**WORK REQUIRED:** Please copy exactly the part of the records below that opens with the line containing "The image depicts" and closes with the line containing "La mínima del", leaving out any pictures.

**PROVIDED RECORDS:**
[Start of section]
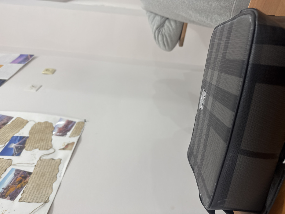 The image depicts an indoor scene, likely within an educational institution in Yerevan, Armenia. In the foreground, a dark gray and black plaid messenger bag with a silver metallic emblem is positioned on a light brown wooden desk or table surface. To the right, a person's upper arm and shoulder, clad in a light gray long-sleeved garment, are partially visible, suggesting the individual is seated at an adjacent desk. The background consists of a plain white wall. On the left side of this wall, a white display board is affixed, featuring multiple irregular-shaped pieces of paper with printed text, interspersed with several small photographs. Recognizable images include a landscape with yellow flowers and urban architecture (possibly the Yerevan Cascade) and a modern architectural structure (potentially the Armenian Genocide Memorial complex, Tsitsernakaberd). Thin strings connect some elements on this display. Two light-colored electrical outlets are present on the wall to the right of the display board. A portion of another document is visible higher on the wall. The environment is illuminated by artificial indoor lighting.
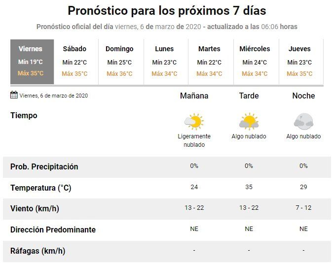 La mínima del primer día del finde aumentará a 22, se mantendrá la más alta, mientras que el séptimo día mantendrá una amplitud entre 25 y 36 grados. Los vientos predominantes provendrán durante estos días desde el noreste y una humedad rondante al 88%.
[End of section]
[Start of section]
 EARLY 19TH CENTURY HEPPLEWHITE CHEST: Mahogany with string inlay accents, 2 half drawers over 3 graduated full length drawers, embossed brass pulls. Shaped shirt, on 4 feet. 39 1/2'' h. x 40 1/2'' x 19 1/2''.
[End of section]
**OUTPUT FOR THIS TASK:**
 The image depicts an indoor scene, likely within an educational institution in Yerevan, Armenia. In the foreground, a dark gray and black plaid messenger bag with a silver metallic emblem is positioned on a light brown wooden desk or table surface. To the right, a person's upper arm and shoulder, clad in a light gray long-sleeved garment, are partially visible, suggesting the individual is seated at an adjacent desk. The background consists of a plain white wall. On the left side of this wall, a white display board is affixed, featuring multiple irregular-shaped pieces of paper with printed text, interspersed with several small photographs. Recognizable images include a landscape with yellow flowers and urban architecture (possibly the Yerevan Cascade) and a modern architectural structure (potentially the Armenian Genocide Memorial complex, Tsitsernakaberd). Thin strings connect some elements on this display. Two light-colored electrical outlets are present on the wall to the right of the display board. A portion of another document is visible higher on the wall. The environment is illuminated by artificial indoor lighting.
 La mínima del primer día del finde aumentará a 22, se mantendrá la más alta, mientras que el séptimo día mantendrá una amplitud entre 25 y 36 grados. Los vientos predominantes provendrán durante estos días desde el noreste y una humedad rondante al 88%.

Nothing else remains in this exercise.